Question

Using Biot-Savart law, derive expression for the magnetic field `(vecB)` due to a circular current carrying loop at a point on its axis and hence at its centre.

Answer 1

Let us consider a circular loop with radius a and centre C. Let the coil's plane be perpendicular to the plane of the paper, and current flow in the indicated direction. Assume P is any point on the axis at a distance r from the center.

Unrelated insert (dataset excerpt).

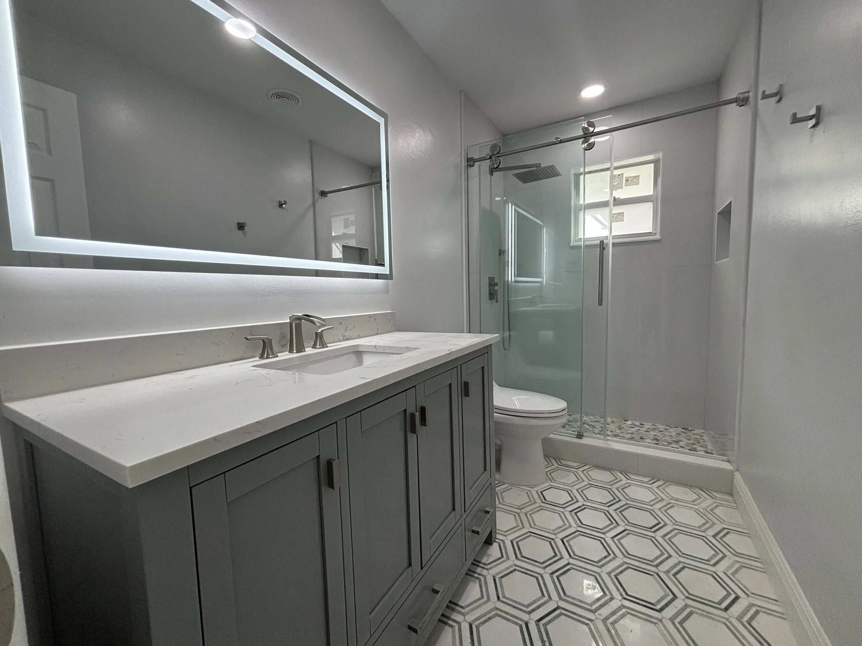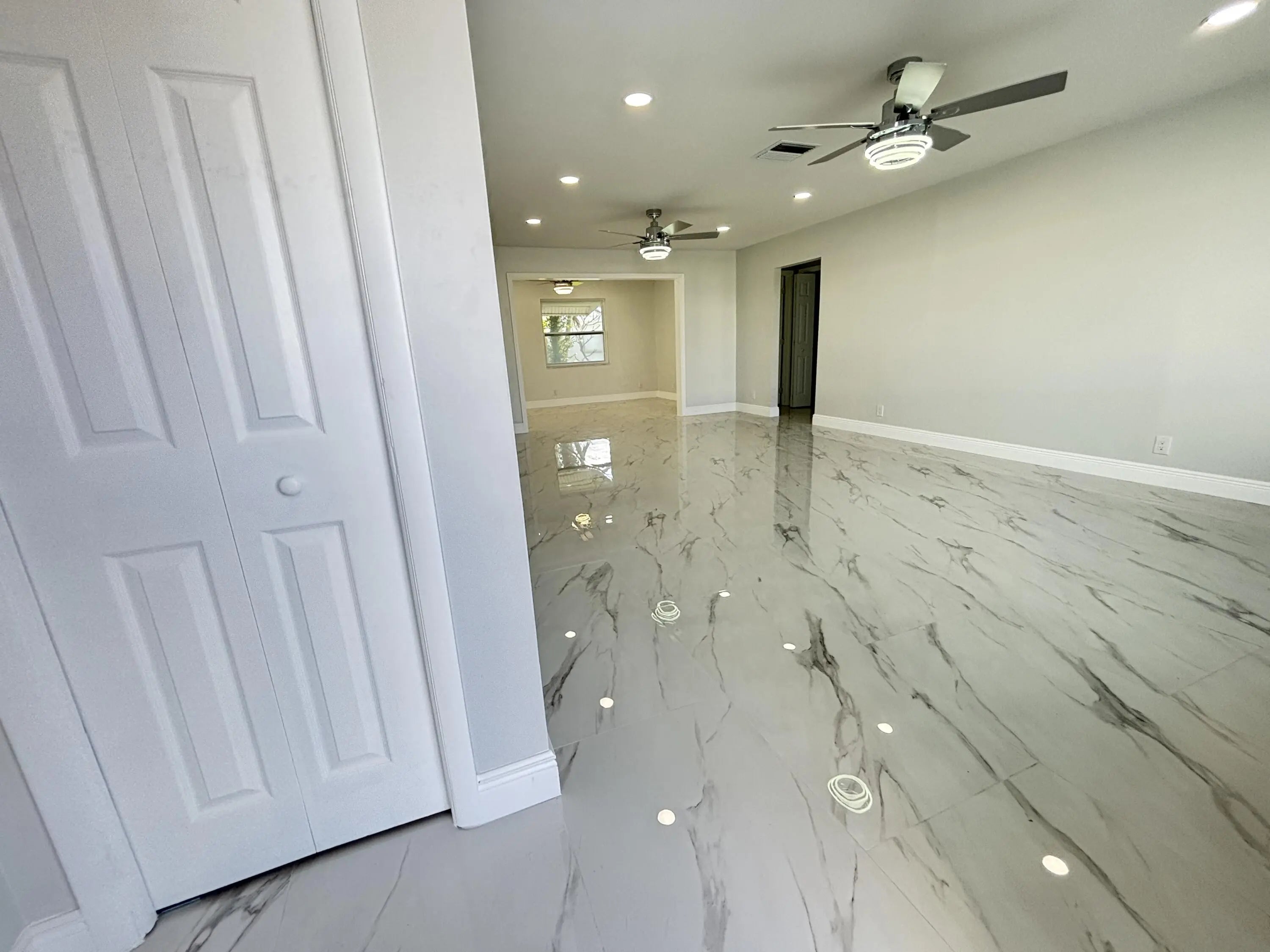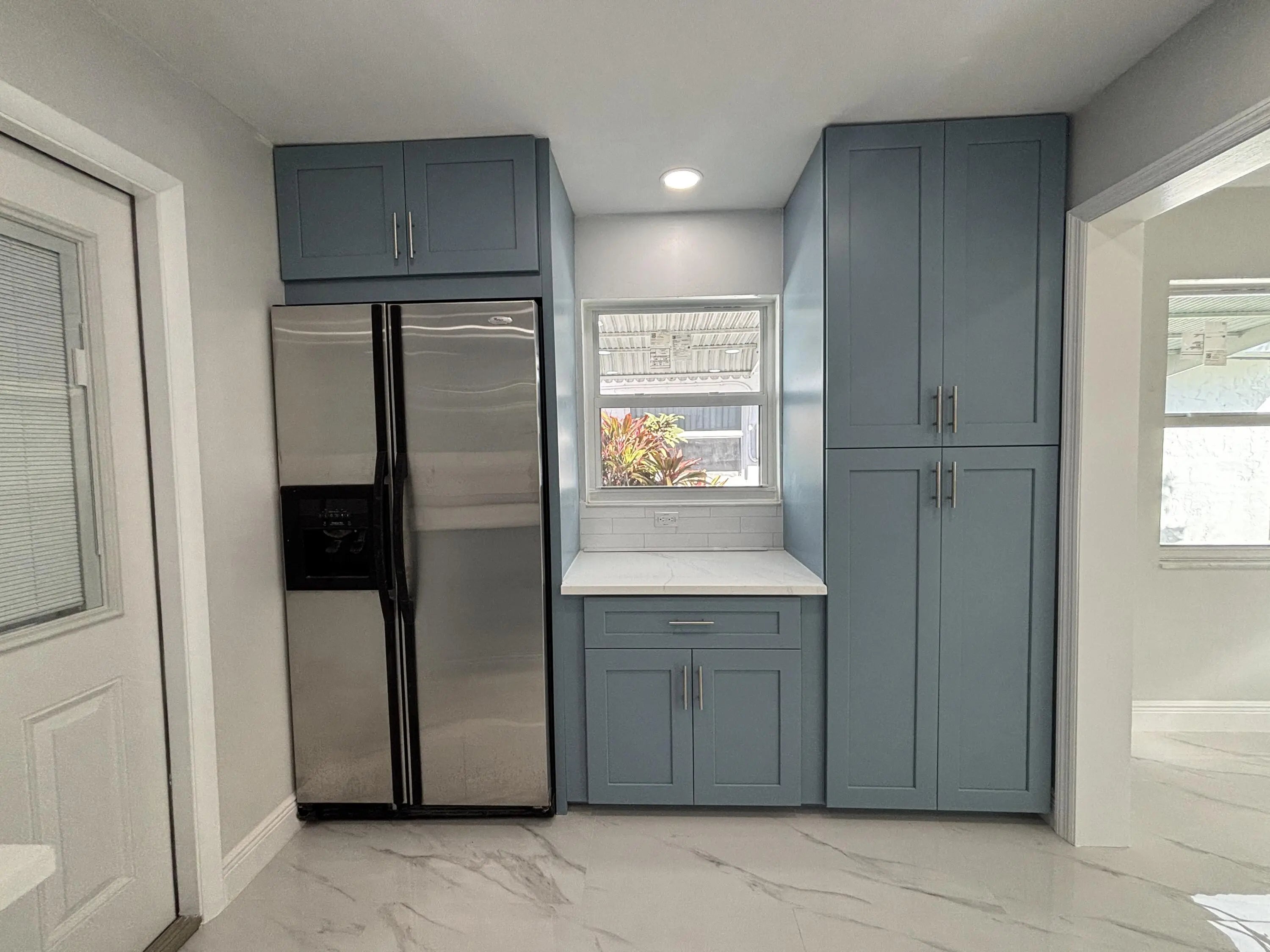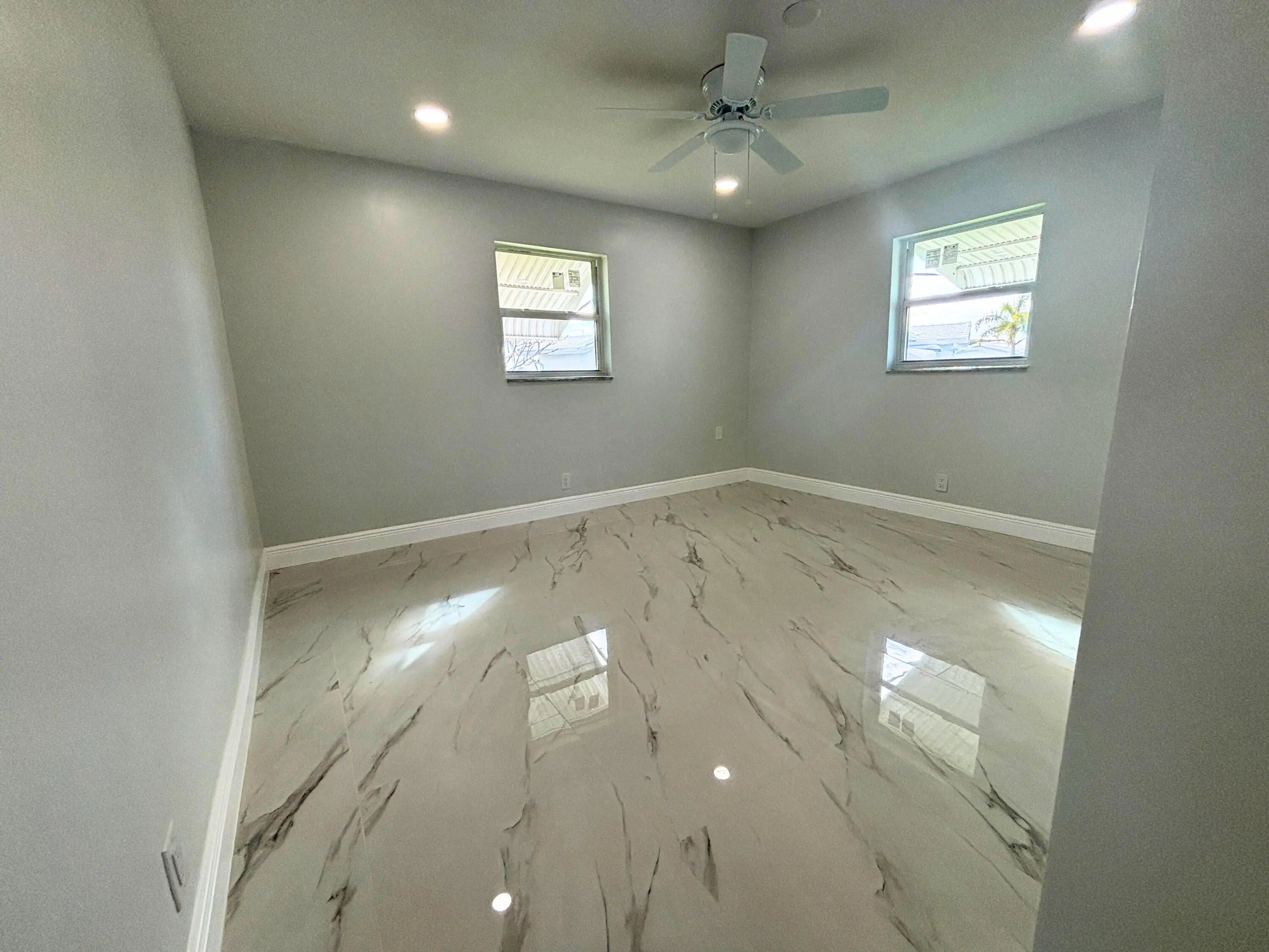 Beautifully renovated 2-bedroom, 2-bath villa in the popular 55+ community of Leisureville, offering a contemporary design with modern comfort throughout. Be the very first to live in this completely updated home, thoughtfully renovated from top to bottom with stylish, high-end finishes.The light-filled interior is enhanced by abundant natural light, showcasing sleek blue cabinetry, newer appliances, updated flooring, modern ceiling fans and light fixtures, fully renovated bathrooms, epoxy-coated floors, a new A/C system, and a new water heater. Every detail was carefully selected for both style and functionality.

Consider a current element (dl) on top (L) that generally exits the paper and enters the plane at the bottom (M).

LP ⊥ dl

MP ⊥ dl

LP = MP = `sqrt(r^2 + a^2)`

Now, the magnetic field at P due to the current element at L according to Biot-Savart Law,

dB = `mu_0/(4 pi) * (idl sin90^circ)/(r^2 + a^2)`

where, a = radius of circular loop

r = distance of point P from the centre along the axis. dB cos Φ components balance each other, andthe  net magnetic field is given by:

B = `oint dB sinphi`

= `oint mu_0/(4 pi) [(idl)/(r^2 + a^2)] * a/(sqrt(r^2 + a^2))`    ...`[therefore trianglePCM sin phi = a/(sqrt(r^2 + a^2))]`

= `mu_0/(4 pi) (Ia)/((r^2 + a^2)^(3/2)) intdl`

= `mu_0/(4 pi) (Ia)/((r^2 + a^2)^(3//2)) xx 2pi a`

= `(mu_0Ia^2)/(2(r^2 + a^2)^(3/2))`

As the direction of the field is along +ve X-direction, we can write:

`vec B = (mu_0Ia^2)/(2(r^2 + a^2)^(3//2)) hati`

At its centre, r = 0

B = `(mu_0Ia^2)/(2(a^2)^(3/2)`

= `(mu_0I)/(2a)`